Packet capture can capture data. The data provided on the fourth floor can be captured, but these are invisible. The effect is totally different from that of opening a browser. When the post data is sent, it is returned directly, indicating that the page does not exist.

The data is not the data content displayed on the homepage. people return the data and use js to achieve the final effect. what html code do you think is captured?

I would like to ask, as you said, the search engine still cannot catch the snapshot content. you have to site the petals on baidu, google, or soso to see if there is any static visible display? Are clearly displayed !!!!

It is reasonable to say that the local browser is visible, so there should be a method of remote visibility.

There is no technical problem in the browser.

Clearly, the search engine is, the snapshot is, and the image is? Let's talk about the site.

I want to know how the search engine captures the content. since the search engine can catch the content, there should be a way to do it.

I have not carefully read the code of the petal, but if I sent the content of the homepage (which should be, or else I want to read what I did ), so it should basically be what I said. what are the comparability between Baidu and Google? How many excellent programmers are there every year? Are they also using curl for crawling?

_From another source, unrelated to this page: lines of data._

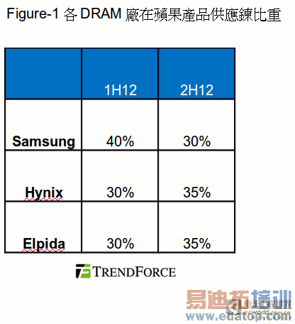 September 9, 2012---苹果供应炼去三星化成为市场焦点。根据TrendForce旗下研究部门DRAMeXchange调查,在美国记忆体大厂美光(Micron)并购日本厂商尔必达(Elpida)之后,全球DRAM与NAND Flash市场有了新的局面,苹果已经提高对非三星体系厂商的DRAM采购量。在美国重新强化制造产业的当下,销售成绩甚佳的美国苹果公司(Apple),与南韩三星(Samsung)在平板电脑、智慧型手机市场的专利战短兵相接,日前美国法院已经做出三星败诉的判决,但双方的专利诉讼战还没有结束,可以确定的是双方在供应炼方面已经有生变的迹象。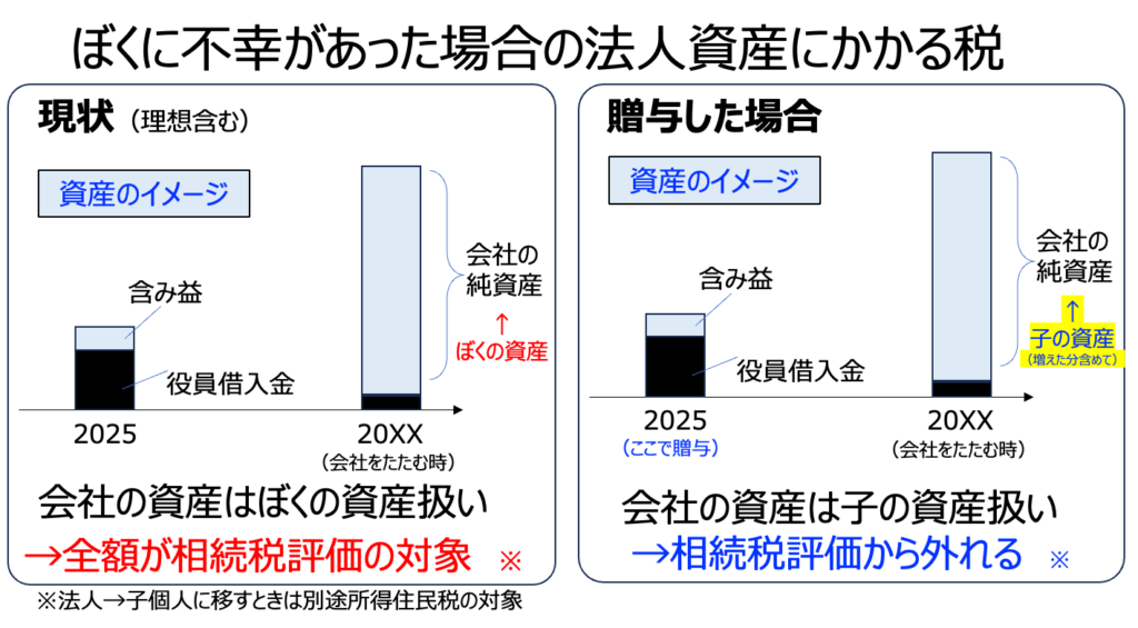 さらには法人の持分を早期に子どもに贈与することを検討しています。これは贈与税の非課税枠(110万円以内/年)に収まるように持分を子どもに移転する、というものです。こうすることで、相続するときに私の持分はほぼなくなって、会社の資産は相続税算出の対象から外すことができます。具体的にはこれから法人で積み重ねられる(予定)の含み益は子どもの持分になるということです。法人の資産は私の中でも10%以下なのですが、まずは相続税対策として後悔する前に動いておくことにしよう、という狙い。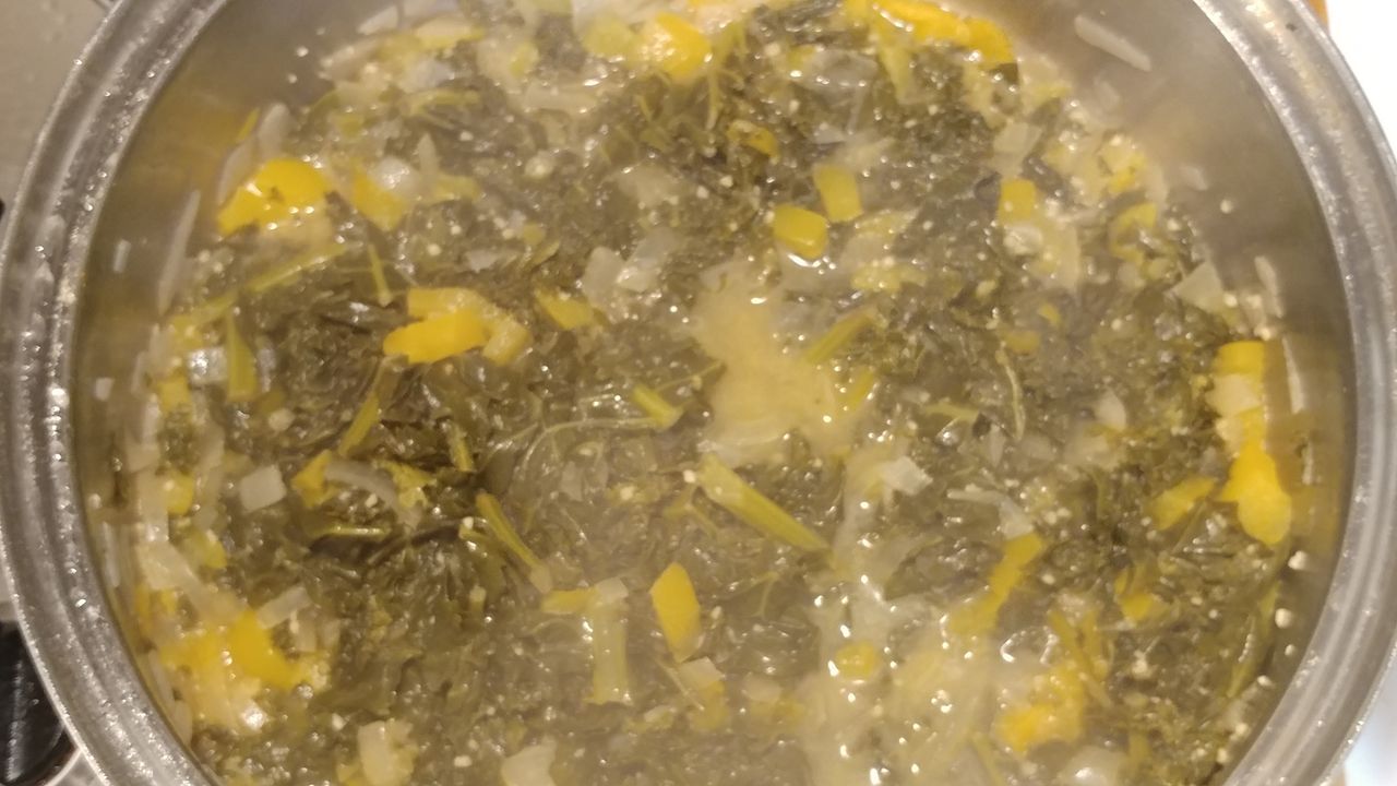 This is a simple recipe on how to make spicy kale greens with sauteed bell peppers, onions and garlic and seasoned with Grey Poupon mustard and honey. These greens are super healthy and delicious!

People must use curl to capture the homepage code... if you want to think so, I have nothing to say.

I would like to ask, as you said, the search engine still cannot catch the snapshot content. you have to site the petals on baidu, google, or soso to see if there is any static visible display? Are clearly displayed !!!!

It is reasonable to say that the local browser is visible, so there should be a method of remote visibility.

I wanted to come in and play LM ....

Now, I want to answer the question on the 12th floor,
The search engine also captures data, such as html, js, css, and json,
Including the things provided to you on the 4th floor. the specific page is generated through browser analysis,

As for how google generates snapshots... google has its own browser. do you think it is difficult for them to parse the captured html, js, and css into pages?

Similarly, if necessary, you can also use the caught js, html, and css to generate pages. However, curl alone is not enough.

There is always a solution for everything, and the principle is useless.
Now online login is not completed yet, and data cannot be submitted

Done. thank you!

How can this problem be solved? I have encountered the same problem with you. why?

Contact Us

The content source of this page is from Internet, which doesn't represent Alibaba Cloud's opinion; products and services mentioned on that page don't have any relationship with Alibaba Cloud. If the content of the page makes you feel confusing, please write us an email, we will handle the problem within 5 days after receiving your email.

If you find any instances of plagiarism from the community, please send an email to: info-contact@alibabacloud.com and provide relevant evidence. A staff member will contact you within 5 working days.

A Free Trial That Lets You Build Big!

Start building with 50+ products and up to 12 months usage for Elastic Compute Service

  • Sales Support

    1 on 1 presale consultation

  • After-Sales Support

    24/7 Technical Support 6 Free Tickets per Quarter Faster Response

  • Alibaba Cloud offers highly flexible support services tailored to meet your exact needs.